The progression and severity of Huntington’s disease is known to be related to an expansion of CAG repeats in the HTT gene. The introduction of a disease-relevant expansion of 50 CAG repeats into a wild type ioGlutamatergic Neurons cell line background creates a reproducible standard model for researchers with a highly characterised isogenic control. “The wild type and the disease model are genetically identical except for the introduction of that CAG repeat, so it’s a perfect control,” Patell-Socha says.
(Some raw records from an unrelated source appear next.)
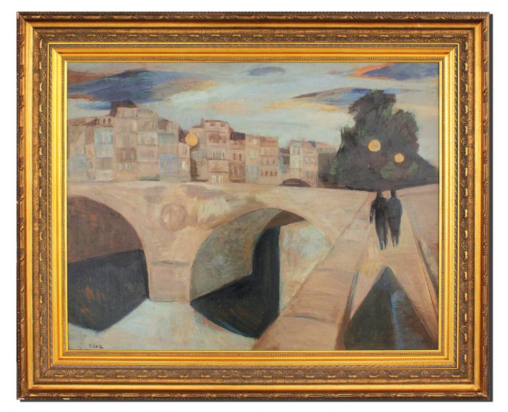 Nocturnal City Scene with Figures Walking Near a Bridge
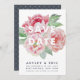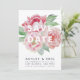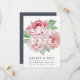 Elegant speichern Sie die Dattelkarten mit einem Spray aus rosafarbenen Blume und grünen Blätter mit "rett our date", überlagert in einer schicken Mischung aus modernen Blockschriften und traditionellen Schriftzeichen. Fügen Sie Ihre Hochzeitsdetails unten in reichen Mitternachtsblau hinzu. Karten kehren zu einem subtilen gepunkteten Diamantenmuster in Weiß auf einem staubblauen grauen Hintergrund um.
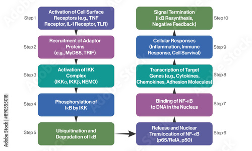 Detailed NF κB Signaling Pathway Flowchart, Science Vector Illustration on White Background.
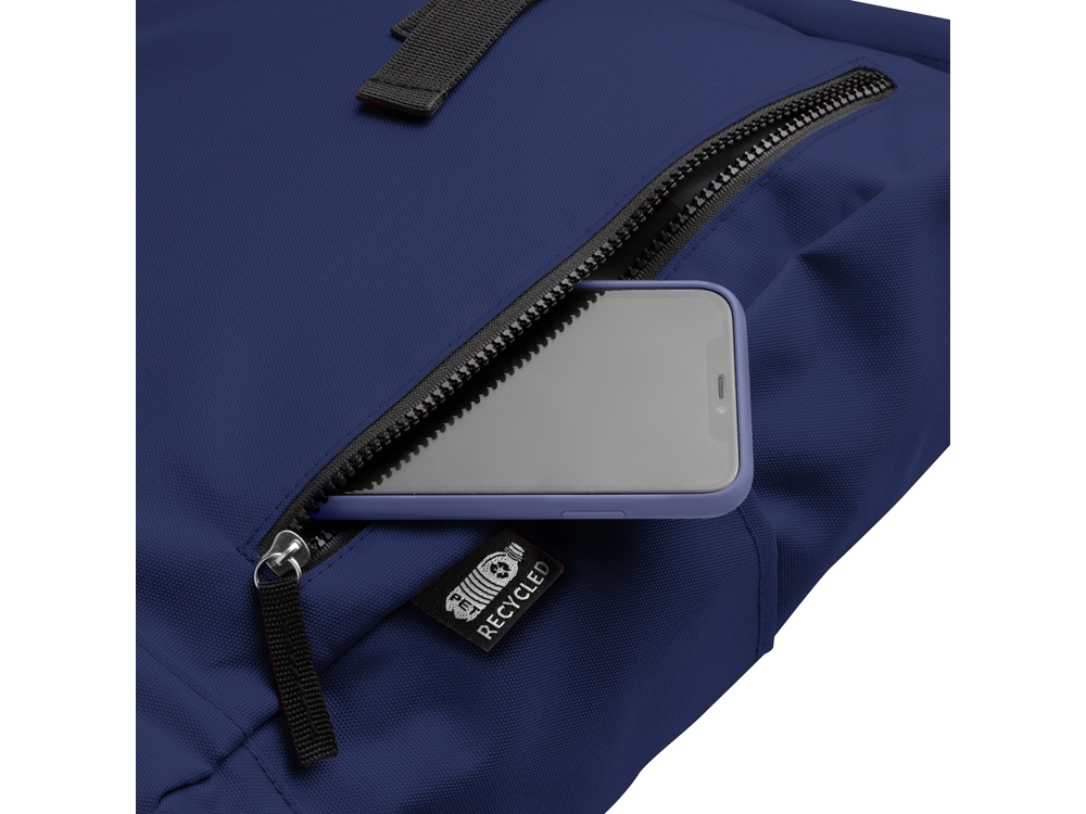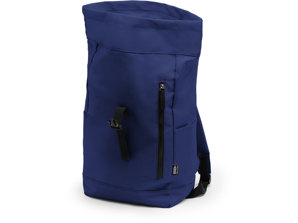 Рюкзак из полиэстера RPET. Основное вместительное отделение с широким отверстием. Внешний карман на молнии и два боковых кармана. Мягкие сетчатые плечевые ремни и спинка.
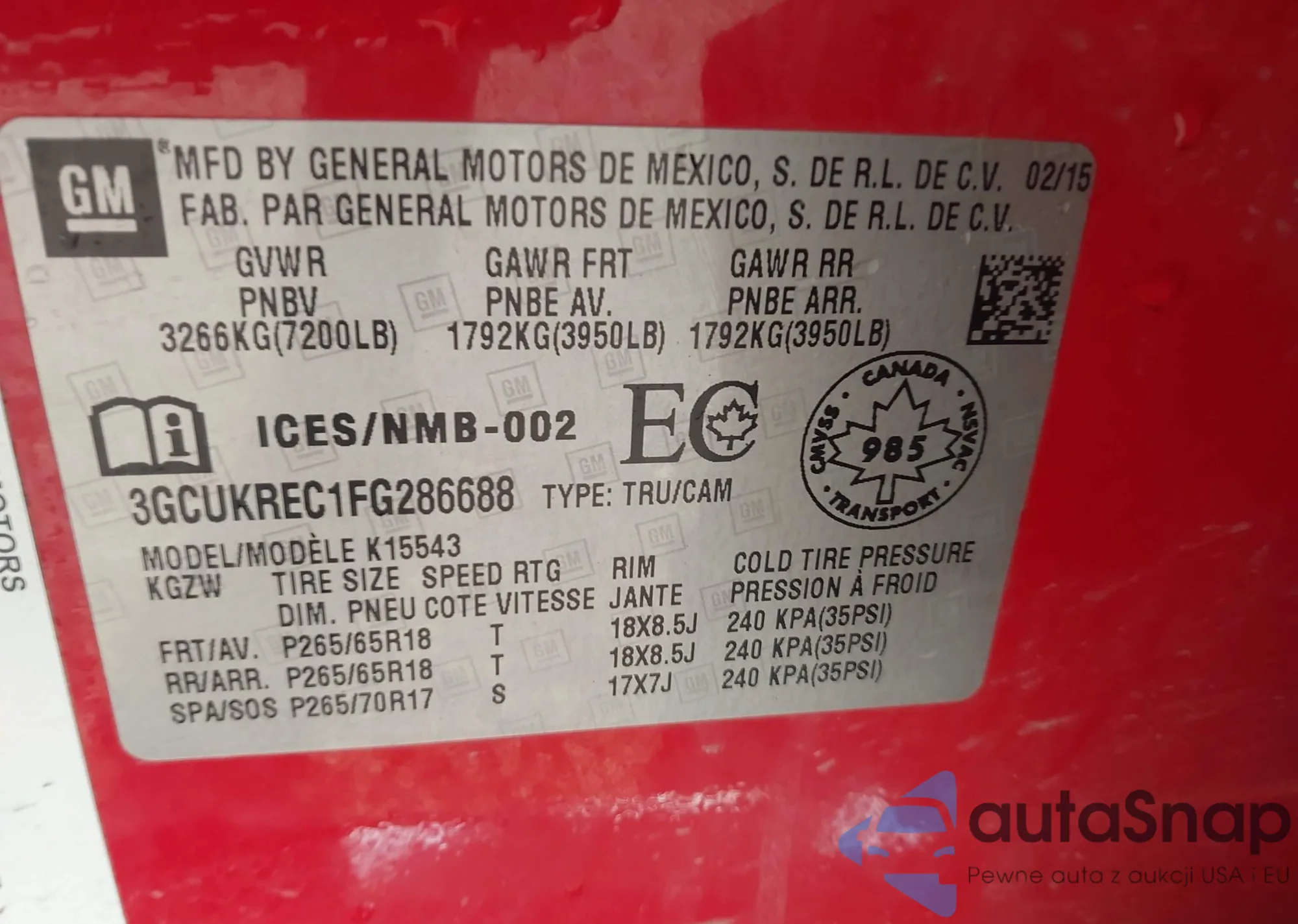 LOT: 43128007 VIN: 3GCUKREC1FG286688

In principle, Fischer says, that same methodology could be applied to any disease where a relevant phenotype can be modelled in vitro, including ALS and Alzheimer’s. Disease-relevant cell models could serve as a platform for screening novel compounds in drug discovery.
“Better in vitro human cell culture models will help us understand the efficacy and safety of potential drugs as early as possible,” Fischer says. “This would reduce the number of animals that we have to use in research, and also improve the success rate of the molecules we test and shorten the timeline from drug concept to patient.”
While that process is still evolving, the new platform represents a step forward in the scalability of iPSC-based cell models—and that alone should bring the research community closer to realizing their full potential.